Perempuan dan Perang

 

Selama pendudukan Inggris di Bandung (1945-1948), Belanda menggunakan taktik lamanya divide et impera (pecah belah dan kuasai). Belanda membujuk beberapa kelompok etnik, baik pribumi, Cina dan Timur asing lainnya supaya terkesan bahwa rakyat Indonesia mendukung Belanda.

Kelompok-kelompok potensial untuk dijadikan antek Belanda a.l. KNIL (Koninklijk Nederlands Indische Leger), tentara kerajaan Hindia Belanda  dan sebagian menak (priyayi). Masyarakat Cina yang cukup besar jumlahnya berhasil dibujuk. Mereka dipersenjatai dan bergabung ke dalam pasukan Po An Tui. Belanda menjadikan Po An Tui sebagai mata-mata dan memanfaatkan mereka untuk meneror pribumi (Sitaresmi dkk., 2002).

Belanda juga berusaha memanfaatkan pasukan Inggris dengan menghasutnya bahwa para pejuang yang ada di Bandung adalah pengacau keamanan sehingga memancing kemarahan Inggris terhadap para pejuang.

Belanda memberi logistik kepada pasukan Inggris yang berasal dari India  berupa wanita-wanita  indo, bunga raya pribumi  dan Cina serta gadis-gadis  pribumi yang diculik pasukan NICA (Netherlands Indies Civil Adminustration) dan Po AnTui.

Akibat berbagai provokasi tersebut, terjadilah pertempuran-pertempuran antara pasukan gabungan NICA, Inggris dan Po An Tui melawan Pejuang  (Samaoen Bakry, Setahoen Peristiwa Bandoeng, 1996: 31-35).

Provokasi yang sangat kejam oleh Belanda dan antek-anteknya mengakibatkan kebencian yang luar biasa di kalangan Rakyat.

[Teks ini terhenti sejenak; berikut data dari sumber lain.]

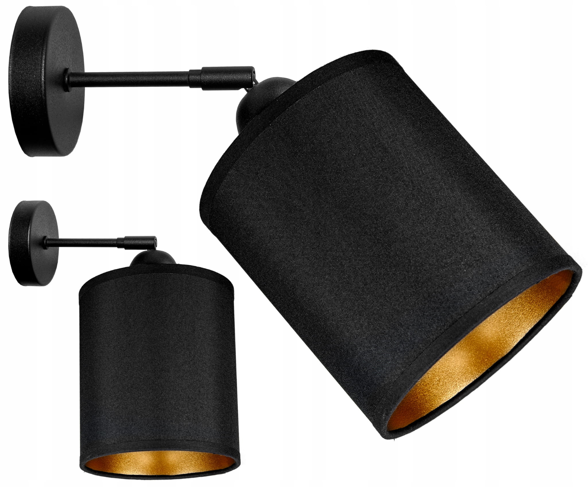 KINKIET TUBA LOFT BLACK abażur czarny to eleganckie oświetlenie boczne z kloszem abażurem ze złotym środkiem. Tkanina abażuru jest lekko mieniąca się. Ramionko kinkietu jest ustawne na przegubie dzięki temu można nakierować świecenie światła.

Bahkan pada taraf tertentu menjadi suasana yang sangat mencekam dan menakutkan di kalangan penduduk. Akibatnya orang mudah sekali saling bunuh hanya karena saling curiga ( Ilen Surianegara, 11 September 1997).


Komentar

Postingan populer dari blog ini

Catatan Dari Seorang Teman

UNCI (United Nations Commission on Indonesia)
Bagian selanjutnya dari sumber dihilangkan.